Modern games Played in Pakistan
It is not that modern games are not played in Pakistan. There was a time when Pakistan became the ruler of 4 modern sports. Let’s hear about them.
The story of winning the Cricket World Cup in 1972 is not just for every cricket fan but for every Pakistani
It is also alive in the heart. Highlights of the matches of this event, footage, T-shirts, two in-swinging balls, catch on the last ball of the match, every aspect of the historic World Twenty20 in the semi-finals, everything is close to the hearts of the people.
Pakistan was the champion in the world of cricket till the 1996 World Cup, during which 1994 was the year when Pakistan became the world cricket champion for two years.
Decades of supremacy began to show signs of decline in Pakistani hockey when the national team failed to advance beyond the round stage at the 1988 Cell Olympics, but Pakistan won a bronze medal at the 1992 Barcelona Olympics and in 1994 I saw it rising again.
Pakistani supremacy over hockey is understandable as it was promoted as a national sport. Pakistan Hockey was administratively very dynamic and due to good general conditions, Pakistan used to host important tournaments. Lahore hosted the March 1994 Champions Trophy where Pakistan won the trophy by defeating the German team on penalty strokes in the final after a thrilling contest.
But that was not the end. In December of that year, hockey fans saw another thrilling match when Pakistan defeated the Netherlands once again on penalty strokes to lift the 1994 Hockey World Trophy in Sydney. This was the national team’s fourth World Cup trophy. Mansoor Ahmed’s amazing goal-keeping, left-in Shahbaz Sr.’s lightning speed, Kamran Ashraf scoring goals by defending the defense players with his dribbling were among the features of the team which was led by ‘My Donna of Hockey (Shahbaz Sr.)’. used to.
From childhood, we were fed up with the news that a Pakistani (first Jahangir Khan in the late eighties and then Jan Sher Khan in the nineties) had won the British Open, World Open, Hong Kong Open, and other squash tournaments. Has won. At that time, there were rumors circulating in the street coaches that a format was being introduced in squash to ensure that a non-Pakistani athlete would at least reach the final. It is not making a part because only Pakistani Khans will win it.

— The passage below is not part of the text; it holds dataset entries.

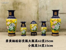 353_霁黄釉粉彩手绘赏瓶1
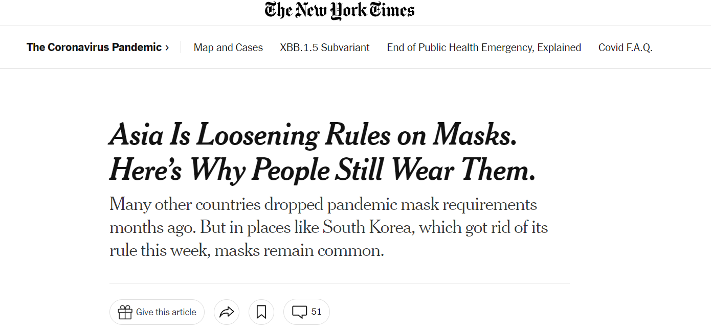 최근 뉴욕타임스(NYT)는 아시아 정부들이 마스크 착용 규정을 완화해도 국민들이 마스크를 벗지 않고 있다고
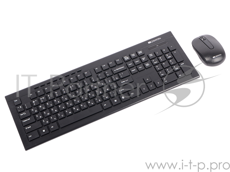 Клавиатура CANYON CNS-HSETW4RU, Multimedia 2.4GHZ wireless combo-set, 104 keys, slim and brushed finish design, chocolate key caps, RU layout (black)
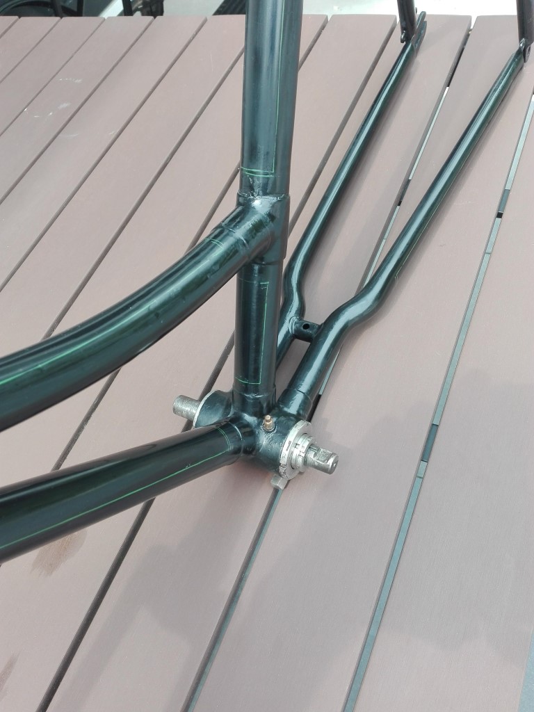 Het frame van de DZ 1909 is inmiddels klaar. Veel werk gehad aan schuren, spuiten en bewerken. Ik heb er zijdeglans op gespoten en daarna het oude biezenpatroon zo goed mogelijk opnieuw aangebracht. Voor Fongers fietsen van voor 1910 ziet dit er anders uit dan daarna: er wordt een lichtgroene lak gebruikt, enkele biezen en dwarsstreepjes die dicht op elkaar staan. Bijgevoegd ter illustratie een voorbeeld van een DZ uit 1908 in de originele lak. Daarna heb ik gedaan wat Maarten B. suggereerde: het geheel heel licht geschuurd met 1000-papier en vervolgens gepoetst met Commandant. Dat geeft inderdaad een mooi, doorleefd effect. Biezen en transfers worden gelijk wat aangetast, zodat de 'knallende' nieuwe lak een andere aanblik krijgt. Bijgevoegd wat detailfoto's. Even ook voorwiel en stuur erop gezet, het belooft mooi te worden.
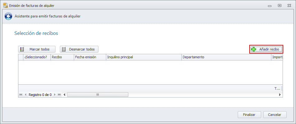 Ahora debe ir añadiendo los recibos a los que anteriormente ha activado la casilla Emitir factura de alquiler. haga clic en Añadir recibo.

Usually, in the final, there would be a match between two Pakistani players and the matches would be the same to watch. Would have won
The year 1994 was no different, Jahangir Khan had retired from the world of squash and now the game was ruled only by Jan Sher Khan for the next several years, so this year also remained in the name of Jan Sher, here From 1992 to 1996, he won consecutive British Open and World Open events.

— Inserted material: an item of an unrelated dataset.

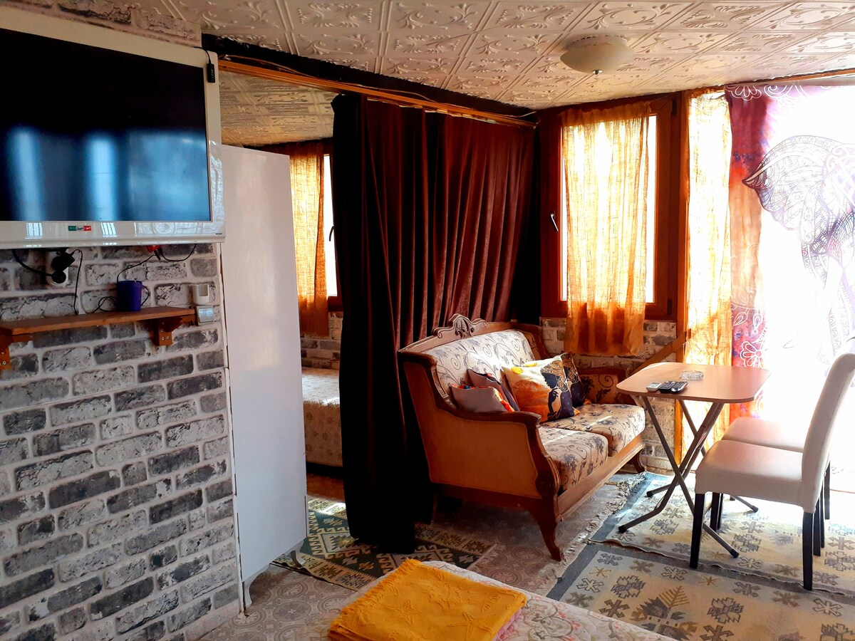 Cocina privada, ducha, inodoro, balcón y nevera. Vistas al mar y a la montaña. Puedes hacer uso de la piscina de la villa de al lado. Es una zona común compartida. Por favor, mantén el silencio y no escuches música a alto volumen. Gracias por tu comprensión. Puedes utilizar la piscina compartida entre 11:00-18:30 Aparcamiento gratuito. 24 horas gratis té café café turco nescafe agua Puedes traer tus bebidas y comida de fuera, sin ninguna obligación. * NO hay cajero automático, supermercado ni gasolinera aquí.

The most striking result came in snooker in 1994 when Muhammad Yousuf of Pakistan defeated Janson of Iceland by 11 frames to nine to win the IBSF World Snooker Championship in Johannesburg. Muhammad Yousuf’s talents as a player were lost in the dark for a long time due to the cricket frenzy, the ruling country in squash whose national sport is hockey.
Muhammad Yusuf, from an anonymous background, was a well-known figure in the snooker and billiards community, and his historic success made snooker popular with the local people and opened the way for sponsorship deals. Many young and emerging players started following in the footsteps of Muhammad Yousuf and so far many Pakistani players have established themselves internationally.
Sports are the hallmark of any healthy and conscious society. There are also countless games that are now almost extinct in Pakistan. Kids now like to play games on tabs and mobiles while most of the time is spent on the computer. From which the society is slowly melting like a termite. Promoting sports is essential for a healthy society.